«Жди меня»

Операция по выслеживанию и захвату грабителей потребовала не более двух часов, но когда Степаныч и ребята подъехали к своему жилью, была уже середина ночи. Все устали и потому сразу отправились спать.

Алька беспокойно ворочался, а под утро начал кашлять — видно, все-таки простудился, когда сидел в холодном металлическом гараже и когда лез в одной рубашке по лестнице, обдуваемый пронзительным ветром. Петр уже поднялся, но ребят будить не стал. Он хмуро смотрел на друга, прислушиваясь к его надсадному кашлю.

— Надо чем-то растереть, — решил Петр. — Пойду к Степанычу, может, у него что-нибудь найдется.

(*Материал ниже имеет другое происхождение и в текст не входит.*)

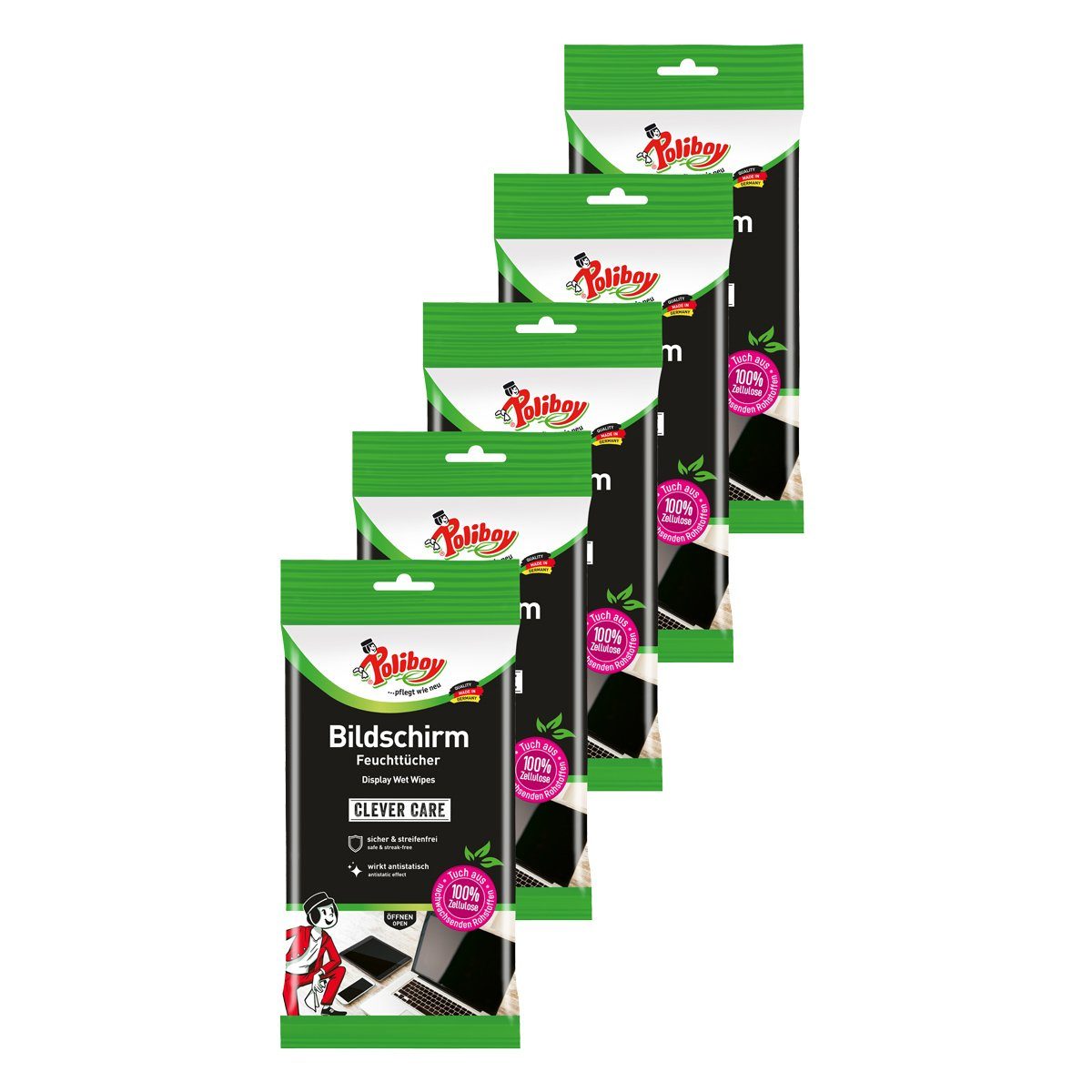 Die Putztücher entfernen Verschmutzungen und Staubablagerungen mit einem Wisch. Ohne Nachwischen sind die Oberflächen streifenfrei sauber. Der Staub wird nicht aufgewirbelt, sondern im Tuch festgehalten. Das hochwertige fusselfreie Spezialvlies getränkt mit besonders ausgewählten Wirkstoffen ergibt eine streifenfreie Reinigung, die speziell bei Computermonitoren sehr wichtig ist. Die zusätzliche Antistatikwirkung sorgt für eine reduzierte Staubablagerung, Nachwischen oder die Verwendung von zwei unterschiedlichen Tüchern wie bei vielen anderen Produkten ist mit POLIBOY nicht notwendig. Sie eignen sich für Fernseher, Monitor, Laptop, Display bei Foto/ Videokamera, Handy, Navigationsgeräte, etc. Das Verpackungsformat mit den teilbaren Maxitüchern ist ideal für die kleine Reinigung nur eines Displays genauso wie für die Reinigung großer Plasmabildschirme. Die Tücher enthalten eine Lotion aus biologisch abbaubaren Tensiden auf pflanzlicher Basis, Hilfsstoffe zur Reinigungsverstärkung, und Konservierungsmittel. Auf die Zugabe von Duftstoffen wurde verzichtet, so dass auch allergiegefährdete Verbraucher diese Tücher benutzen können.

Вскоре он вернулся, поднял друзей и сказал:

— Степаныч приказал к нему идти. У него градусник есть, надо Альке температуру померить. И чай уже готов, и варенье малиновое есть. Степаныч сказал, что он тебя мигом вылечит.

Все трое поднялись наверх. Алька хоть и храбрился, но вид у него был явно нездоровый, таким бледным и вялым друзья его еще не видели. Ритуал с утренним умыванием у Степаныча соблюдался строго, поэтому ребята скинули куртки и пошли к рукомойнику. И тут Степаныч, присмотревшись к Альке, спросил:

— А что это у тебя на рубашке?

— Наверное, кровь, — нехотя ответил Алька. — Я вчера порезался, когда в форточку лез.

— А ну снимай рубашку! — приказал Степаныч.

Алька стал отдирать рубашку от тела, но она в нескольких местах так присохла, что ее пришлось отмачивать водой.

— Что ж ты молчал? — укорял Степаныч. — Надо было еще вчера сказать. Ты смотри, как порезался! Да тут как бы заражения не было! Ну-ка стой, дай хоть водой кипяченой протру. А вообще-то… под душ бы тебя сейчас, под горячий! Вы, хлопцы, в бане когда последний раз были?

Ребята только плечами пожали.

— Понятно, — подытожил Степаныч, — значит, вообще не моетесь. Да как же можно без бани? Я, как квартиры лишился, в баню обязательно раз в неделю хожу. Ну, мне еще не время, а вас обязательно поведу. А тебе, малец, сейчас дезинфекцию сделаем, а то вон как все царапины пораспухли!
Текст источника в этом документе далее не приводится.